The profit from MV is as follows: it is the “native” object for the PG, that is, the MV interacts remarkably well with the rest of PostgreSQL and it can be indexed and analyzed regardless of the data source that filled it. There are also disadvantages: MV needs to be updated. You can update by internal triggers, by external events, you can completely re-create and so on. But, in any case, the MV generates a PG lag from the original data source.
For the above-described external MV table, you can create it as follows:
CREATE MATERIALIZED VIEW materialized_mssql_table AS SELECT id, custom_data FROM mssql_table;
Now all the data from MSSQL is in PostgreSQL, which means they can be indexed as they please (
B-tree ,
GIN and GiST , etc.),
statistics become available for them, you can see the details of the query execution plan and many more pleasant things from PG.
You can update the MV through standard INCERT / UPDATE / DELETE commands, or simply recreate all the content with
REFRESH MATERIALIZED VIEW CONCURRENTLY materialized_mssql_table;
The CONCURRENTLY option allows you to update the MV without blocking competing read requests, but it takes more time and resources. Also, in order to be able to use CONCURRENTLY, the target MV must satisfy certain requirements.

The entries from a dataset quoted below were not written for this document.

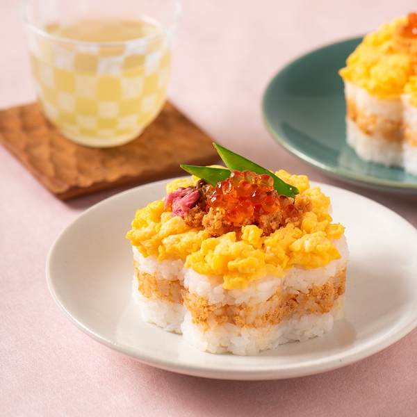 春のおすすめアレンジレシピは、ピリッと辛みが効いた「押し寿司」!炒り卵や贅沢にいくらをトッピングすれば、華やかさがぐっとアップします。入学式などのお祝いの席や春の食卓を彩る、見た目にも美しい一品です。
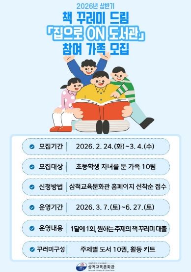 (아름다운교육신문) 삼척교육문화관은 3월부터 6월까지 가족 단위 독서 문화를 장려하기 위하여 초등학생 자녀를 둔 가족을 대상으로 책 꾸러미 드림 ‘집으로 온(ON) 도서관’을 운영한다.
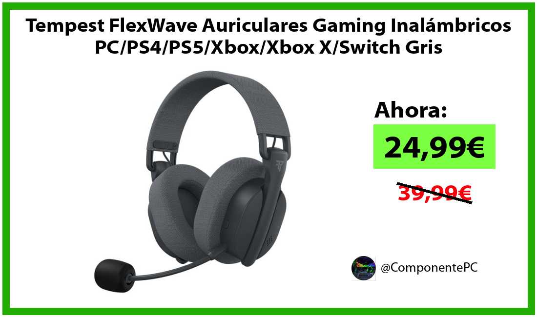 πΉTempest FlexWave Auriculares Gaming InalΓ‘mbricos PC/PS4/PS5/Xbox/Xbox X/Switch Gris solo 24,99β¬βοΈβ‘οΈ(PVP: 39,99β¬)

They can be found on the
corresponding documentation page .
Exotic approach
Honestly, the devil knows whether this approach can take off, perhaps a respected public will tell something interesting in this regard. In any case, I think that it is necessary to say about it, since the core resources for the majority of questions on the integration of two databases respond to "use FDW" and no diversity is expected, even if you want a strange one.
So, when it may be necessary: if all the above options did not help due to various restrictions. For example:
- indecently large amount of external database and the impossibility of its cloning in PG;
- strict speed requirements and the availability of an optimal query to an external database;
- the desire to execute a parameterized query, that is, an analogue of the query option for FDW, only with a dynamic parameter, for example, you want to use full-text search on the MSSQL side through the CONTAINS function;
- something else unusual.
What to use:
dbi-link or
dblink-tds . This is analogous to
dblink but with support for several DBMS: PostgreSQL, MySQL, MSSQL Server and Oracle in the case of dbi-link and simply TDS in the case of dblink-tds.
The mechanics of work seems to be: as a kind of highly specialized analogue of FDW as a PG function, which collects the necessary request within itself based on the arguments passed, executes it in the external database through the above tools, receives data, processes them and returns them to the PG as a
pipeline function . That is, hypothetically, you can execute exactly the query that you want and present its result in the form that is digestible for further processing in PG.
All of the above are pure theoretical considerations. If you have real experience using these or similar tools, please share your knowledge with the world.
Conclusion
Currently, there is only one simple and working solution for PostgreSQL and MSSQL docking. This is
tds_fdw . It has many flaws, but the project is developing, bugs are being repaired, features are rolling out and it's great. Therefore, tds_fdw can solve most of the problems associated with extracting data from MSSQL via PG. Those who want to quickly, more optimally and with courtesans will help PostgreSQL and its rich arsenal of optimization tools. And those who want a very strange and want to do everything inside the database with a minimum of external services will be difficult. The toolkit is ancient, there is no documentation, there is no support, it is
populated by robots and nothing will help except reading the source code.